■ **THE TASK**
Repeat the data that follows, word for word, without the images.

┌─ MATERIAL PROVIDED

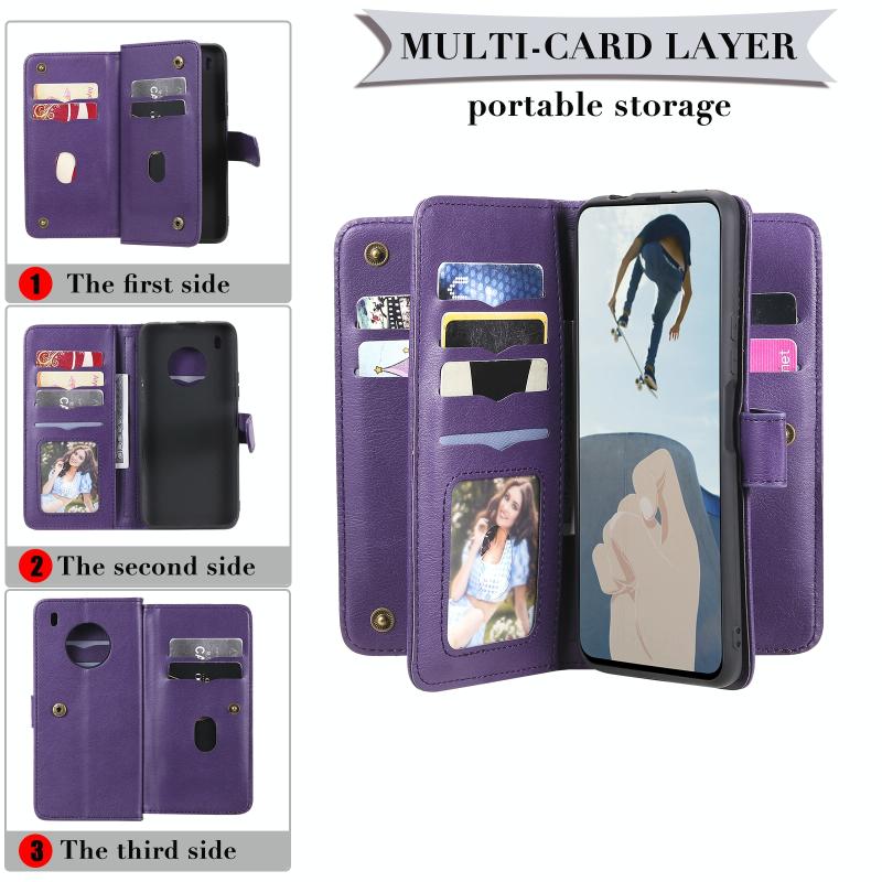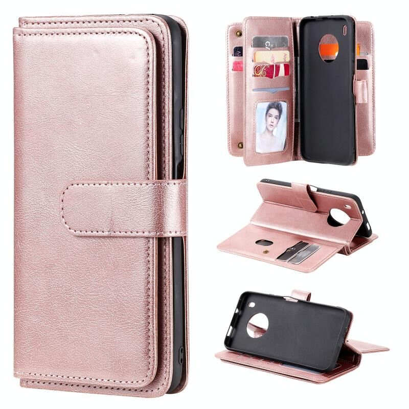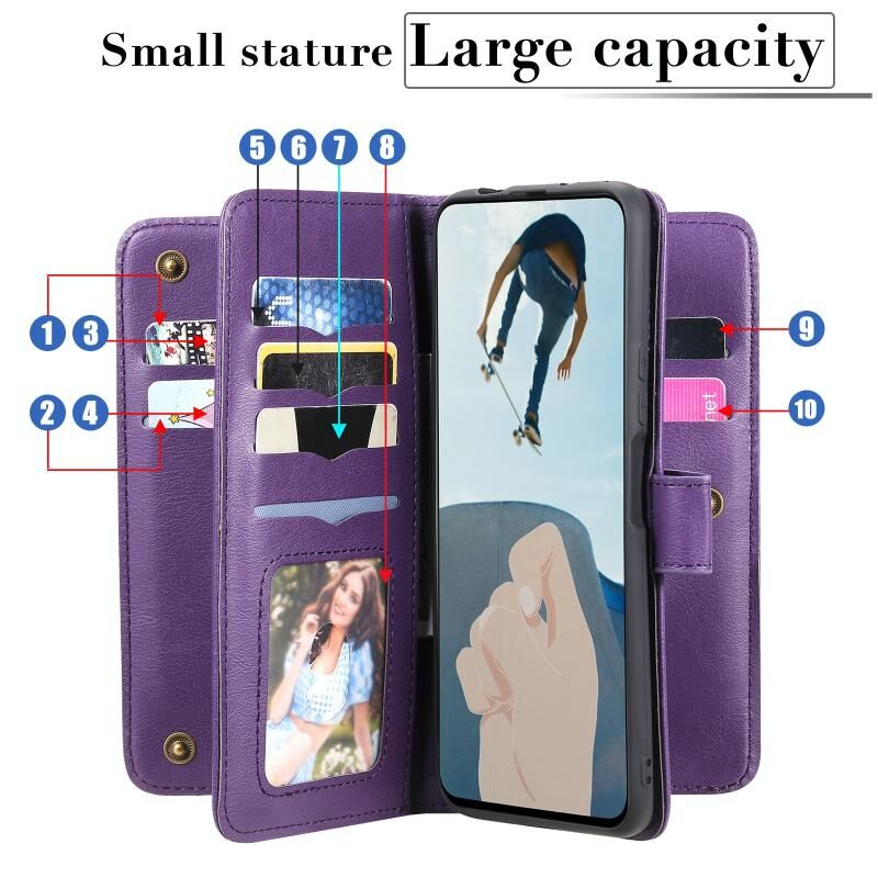Θήκη Huawei Y9a Πολυλειτουργική Μαγνητική Θήκη από Χαλκό με Οριζόντιο Άνοιγμα, Μονόχρωμη Δερμάτινη με 10 Θήκες για Κάρτες & Πορτοφόλι & Στήριξη & Κορνίζα Φωτογραφιών (Ροζ χρυσός)
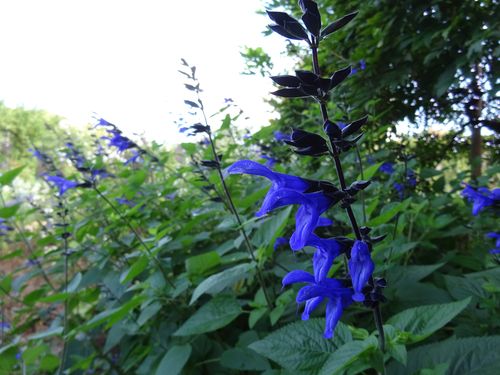 繁殖力旺盛といえばこちらも…メド―セージで知れ渡っていますが、本当はサルビア ガラニチカといいます。濃い青い花に黒いがく、とってもおしゃれです…が!これも地下茎でよく殖えます(^^;
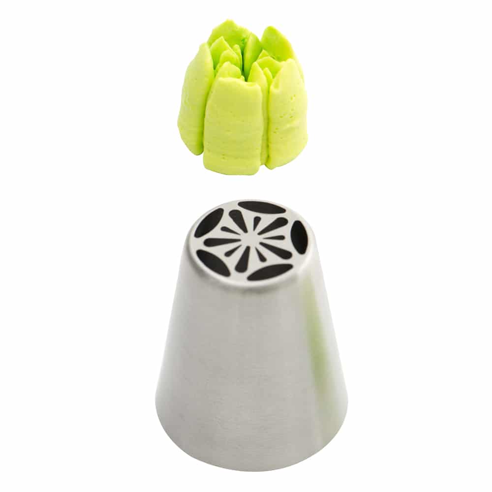 Cornetto per fiori diretti, da utilizzare con l’adattatore per cornetti 3d. In acciaio inox senza punti di saldatura, perfetto per realizzare con un solo movimento della sac à poche decorazioni floreali direttamente su torte, muffin, biscotti e dolcetti. Confezionato in blister.
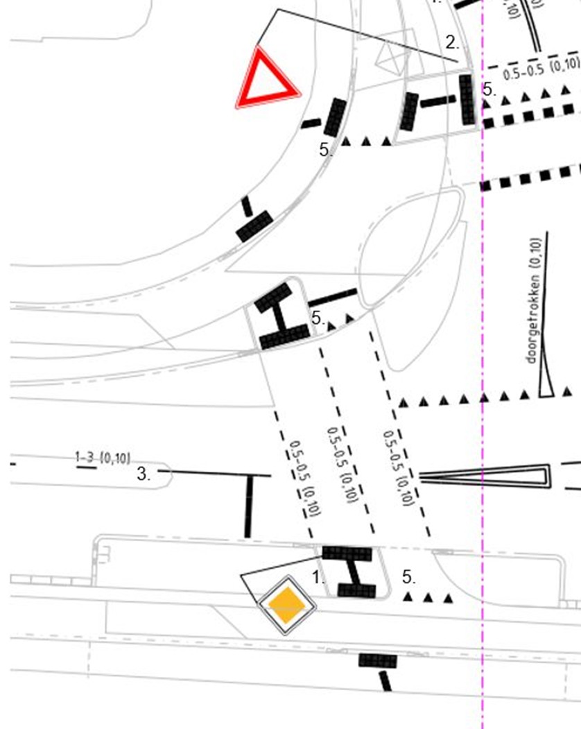 Haaientanden aan te brengen als bedoeld in artikel 80 RVV 1990 op de locatie onder markering 5. op de volgende tekening.
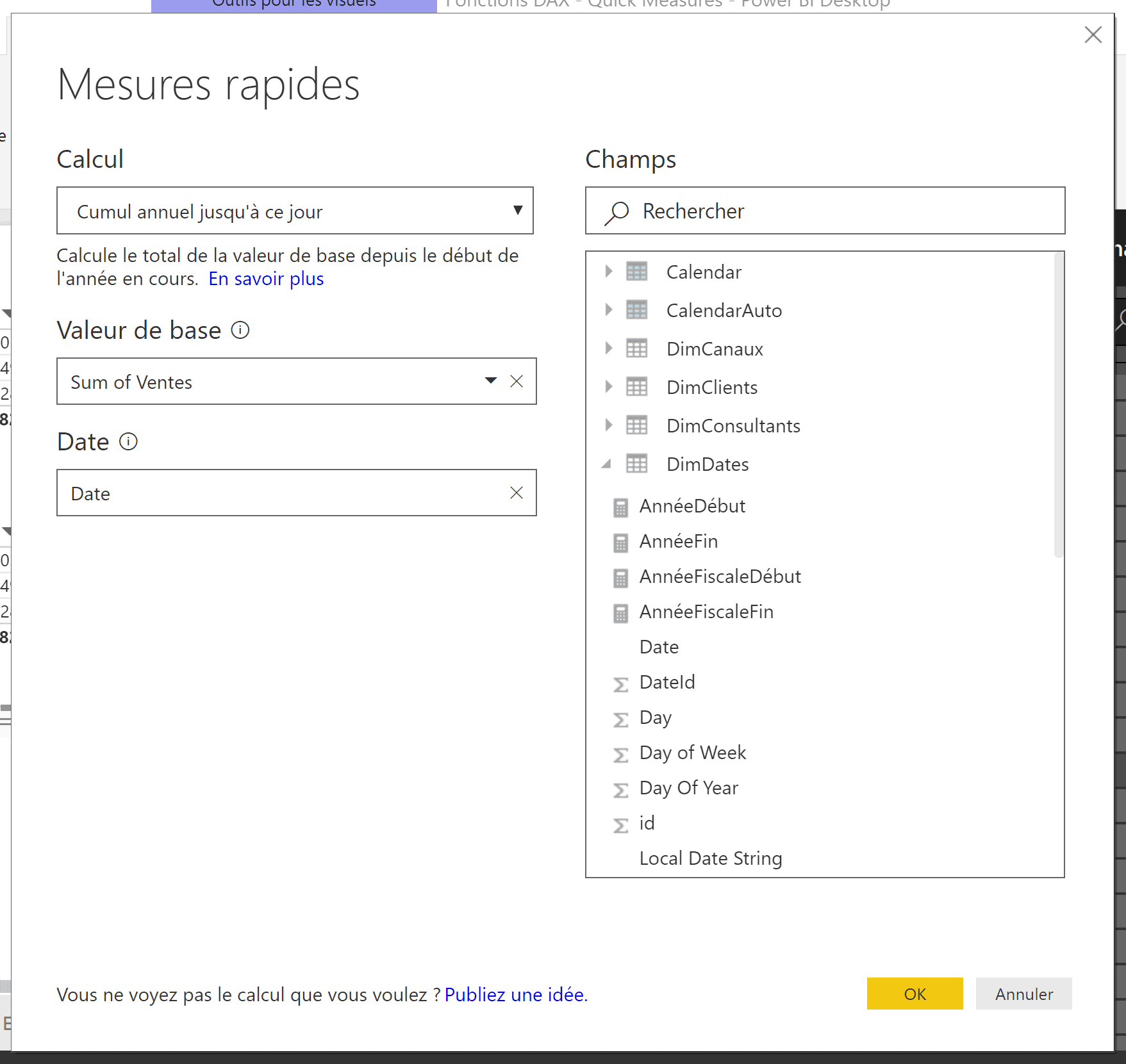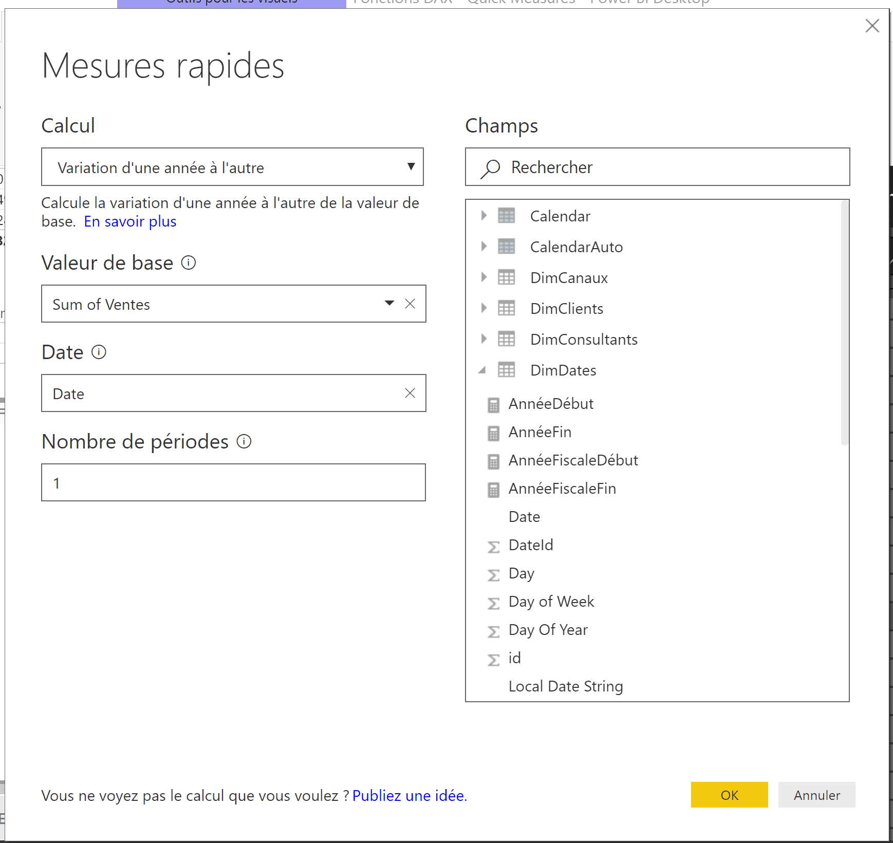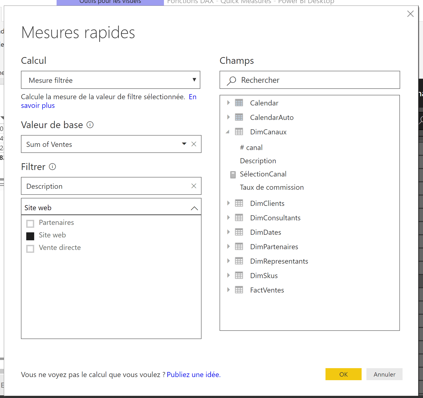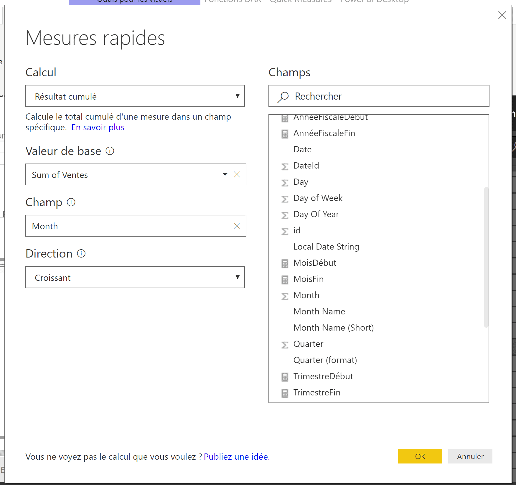 D’un autre côté, si vous devez apprendre le langage DAX, la fonctionnalité de mesures rapides sera sans doute, pour vous, un bon tuteur.
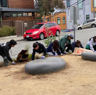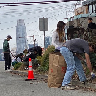 On a cool October morning, 18 Lick-Wilmerding HS students and two of their teachers, brought their enthusiasm, put on gloves, and really did a great job weeding, pruning and cleaning up our Skyline Terrace and the solar bollard lights throughout the median. We even had an extracurricular visitor in the midst of it all: a coyote! Huge thanks to all involved, including George Li of the SF Public Works for helping to coordinate and providing tools, etc…!
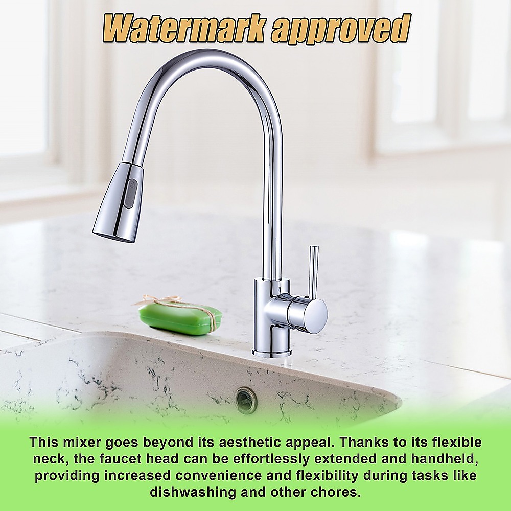 This mixer goes beyond its aesthetic appeal. Thanks to its flexible neck, the faucet head can be effortlessly extended and handheld, providing increased convenience and flexibility during tasks like dishwashing and other chores. Returning to a traditional mixer is just as straightforward.
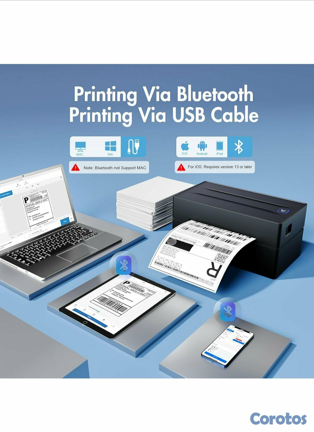 Amplia compatibilidad entre dispositivos: Empareje sin esfuerzo con sistemas Windows (7 y posteriores), macOS, iOS, Android y Chromebook para flujos de trabajo universales de oficina y logística, simplemente conecte la impresora de etiquetas de escritorio con un cable USB. (Nota: Mac y Chromebook no son compatibles con la impresión Bluetooth)

└─

■ **EXERCISE ANSWER**
Θήκη Huawei Y9a Πολυλειτουργική Μαγνητική Θήκη από Χαλκό με Οριζόντιο Άνοιγμα, Μονόχρωμη Δερμάτινη με 10 Θήκες για Κάρτες & Πορτοφόλι & Στήριξη & Κορνίζα Φωτογραφιών (Ροζ χρυσός)
 繁殖力旺盛といえばこちらも…メド―セージで知れ渡っていますが、本当はサルビア ガラニチカといいます。濃い青い花に黒いがく、とってもおしゃれです…が!これも地下茎でよく殖えます(^^;
 Cornetto per fiori diretti, da utilizzare con l’adattatore per cornetti 3d. In acciaio inox senza punti di saldatura, perfetto per realizzare con un solo movimento della sac à poche decorazioni floreali direttamente su torte, muffin, biscotti e dolcetti. Confezionato in blister.
 Haaientanden aan te brengen als bedoeld in artikel 80 RVV 1990 op de locatie onder markering 5. op de volgende tekening.
 D’un autre côté, si vous devez apprendre le langage DAX, la fonctionnalité de mesures rapides sera sans doute, pour vous, un bon tuteur.
 On a cool October morning, 18 Lick-Wilmerding HS students and two of their teachers, brought their enthusiasm, put on gloves, and really did a great job weeding, pruning and cleaning up our Skyline Terrace and the solar bollard lights throughout the median. We even had an extracurricular visitor in the midst of it all: a coyote! Huge thanks to all involved, including George Li of the SF Public Works for helping to coordinate and providing tools, etc…!
 This mixer goes beyond its aesthetic appeal. Thanks to its flexible neck, the faucet head can be effortlessly extended and handheld, providing increased convenience and flexibility during tasks like dishwashing and other chores. Returning to a traditional mixer is just as straightforward.
 Amplia compatibilidad entre dispositivos: Empareje sin esfuerzo con sistemas Windows (7 y posteriores), macOS, iOS, Android y Chromebook para flujos de trabajo universales de oficina y logística, simplemente conecte la impresora de etiquetas de escritorio con un cable USB. (Nota: Mac y Chromebook no son compatibles con la impresión Bluetooth)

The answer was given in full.